In 1997, the company acquired Black Clawson for $110 million.

In 2001, Thermo Electron fully spun out Thermo Fibrotek, which changed its name to Kadant at the same time; the Fibrogen division was renamed to Kadant Composites at the same time. The granule business of Kadant Composites took off when the company started using it as a filler in composite plastics products for decking, with sales growing from under $2 million in 2001 to $15 million in 2004.

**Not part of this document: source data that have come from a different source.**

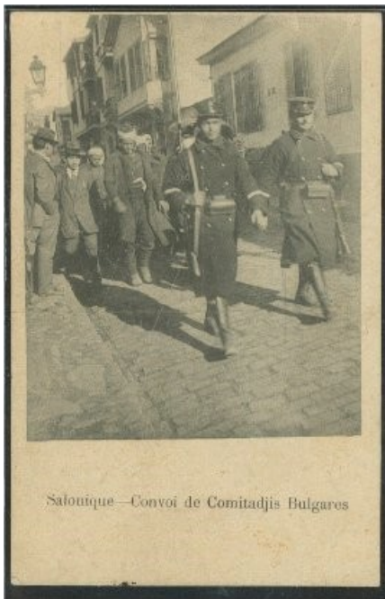
<< Prisioneros macedonios en Salónica

Esta represión fue pronto utilizada por el movimiento de liberación como base para lanzar una campaña contra la política turca, así como para recolectar ayuda material y canalizar el apoyo moral a la población de Macedonia y Tracia y a todos aquellos forzados a irse de aquellas regiones.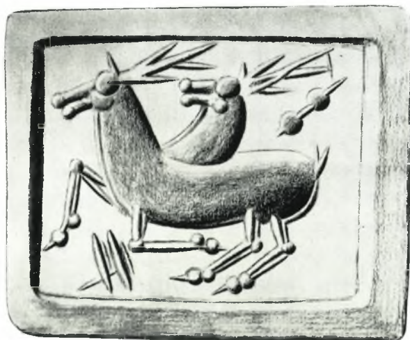
β. Σχέδιον τοῦ ἐκτύπου τῆς σφραγίδος ἐξ ἀγάλτου με παρὰστασιν ζεύγους ἐλάφων ἐν καλπασμῶ καὶ βέλους κυνηγοῦ. (Σχέδιον Θ. Φανουράκη)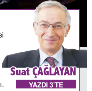
Suat ÇAĞLAYAN YAZDI 3'TE

■ BEN Urla, Çeşmealtı'nda oturuyorum. Evimin bahçesi iyi korunmadığı için domuzlar girer. Geçen akşam bahçeye girip pencereye yaklaştı. Erkek domuzlar yaşlanınca aileden dışlanır, tek başına kalırlar. Bu da onlardan biri olsa gerek. TV'de Kılıçdaroğlu ile yapılan röportajı izliyorduk. Erkek domuz, pencerenin dışına gelerek Kılıçdaroğlu'nu izlemeye başladı.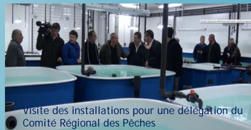
Visite des installations pour une délégation du Comité Régional des Pêches

Cette première visite en appellera plusieurs autres, il est en effet prévu de réserver une demi-journée hebdomadaire aux visites des professionnels, scolaires ou autre public à sensibiliser.

In 2013, the company acquired Carmanah Design and Manufacturing Inc. for Canadian dollars (CAD) 54 million in cash, or approximately US$52 million.

== Products ==
Kadant engages in mainly four segments: stock preparation systems; fluid handling systems; roll doctoring, cleaning and filtration; and fiber-based granules.
Kadant provides custom-engineered systems (e.g. recycling and approach flow systems) and equipment (e.g. virgin pulping process equipment). The company also provides fluid-handling systems (e.g. rotary joints, syphons, turbulator bars, precision unions) widely used in the dryer section of the papermaking process, and the production of corrugated boxboard, metals, plastics, rubber, textiles, chemicals, and food. In addition, the company offers doctoring systems (e.g. doctor blades), profiling systems, shower and fabric-conditioning, formation, and water filtration systems. Kadant also provides individual components, widely used in pulping, de-inking, screening, cleaning, refining recycled. The company supplies biodegradable absorbent granules from papermaking byproducts for some agriculture uses.

== Research and development ==
Kadant's Research and Development facilities are based in Europe and the US, engaging in fiber processing, heat transfer, doctoring, and fluid handling. These facilities are located where customers can test under their own operating conditions. The company also holds seminars and training programs.